I attacked work again, examining any sections of my schedule that looked like they were unstructured enough to give me time to brood. Or sulk. Or whatever happened when I thought too hard about Jack. Then I stuffed them full of more work.
My new task list was a meditation, like the lists I made in my head at night to force out all the intrusive thoughts that tried to keep me awake. I’d done it for years, growing each list until I could get all the way from A to Z in a category before moving on to a new list. When I was trying to name a vegetable for every letter of the alphabet, I got too hung up on H to focus on any stress trying to creep into my brain and wake it back up.
When I had a solid week structured that allowed no head space for Jack, I poked my head out of my office door and smiled at Hailey. “I’ll stop doing your work.”
“Yeah, right.” She held out her hand. “Should I go load myself up at the café now?”
I shook my head. “I mean it. I figured out a schedule for me that involves doing none of your work.”
She clasped her hands and mouthed a “thank you” to the ceiling like we were in the cathedral of Our Lady of Administrative Assistant Sorrows.

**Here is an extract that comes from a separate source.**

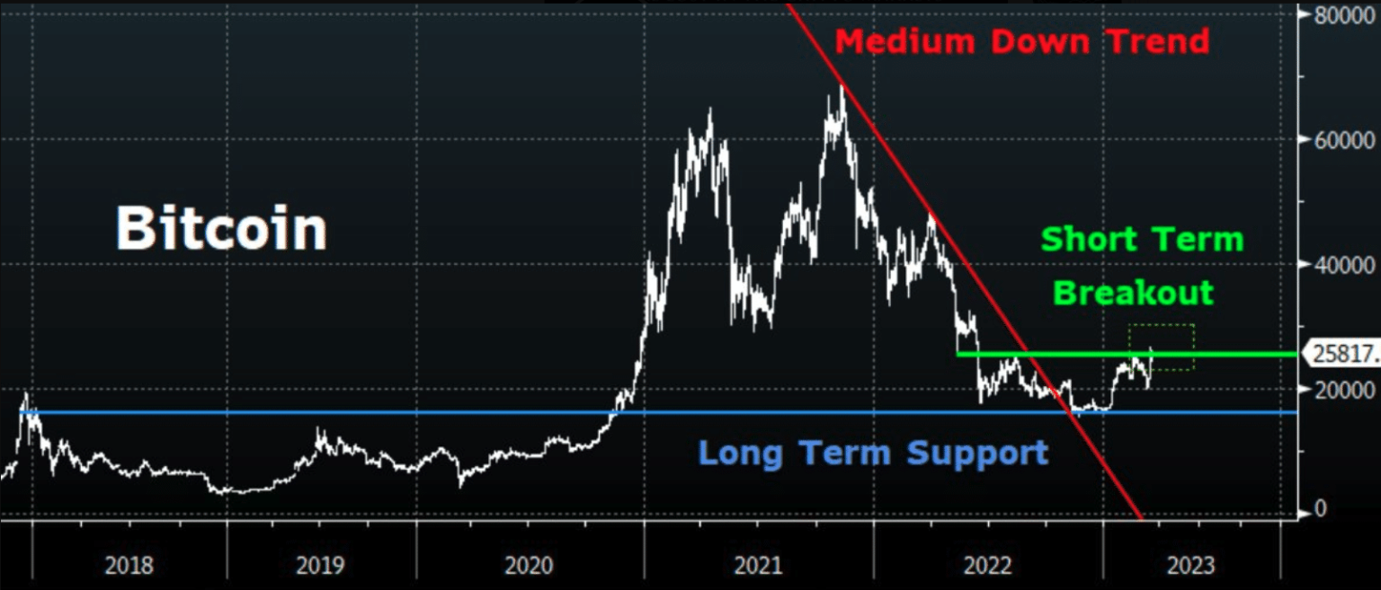 Nicely, a digital belongings dealer by the title of Markus Thielen on Twitter opined that the BTC won’t stall its motion at $26,000. Thielen primarily based his judgment on his technical evaluation. There, he confirmed that BTC has long-term assist.

It was a good first step toward imposing order on my emotional chaos. Of course, it didn’t solve the problem of what to do when Jack intruded on my thoughts during non-work hours. I set up a strict policy of only checking my phone once an hour for alerts and removed all my social media apps until I could break the habit of checking his feeds.
Unfortunately, my mind still wandered his direction during any of my unstructured time and the urge to break all my protocols would grow stronger.
Is this what addicts felt like?
No, that was stupid. As best as I could understand, real addiction was a painful, debilitating illness. Trying not to think about Jack was more like…
Oh. It was exactly like the time when I’d gone to my friend’s church camp when we were thirteen, and I got poison oak on my leg. The camp nurse told me not to scratch because it would make it worse, but in the endless hours between midnight and dawn, nothing could have convinced me that scratching wasn’t exactly the cure I needed. So I scratched. And ended up spreading it over more of myself.
Jack was emotional poison oak. It wouldn’t kill me, but this situation would only make me more miserable the more I poked at it. That meant drowning out the itch when I wasn’t at work too.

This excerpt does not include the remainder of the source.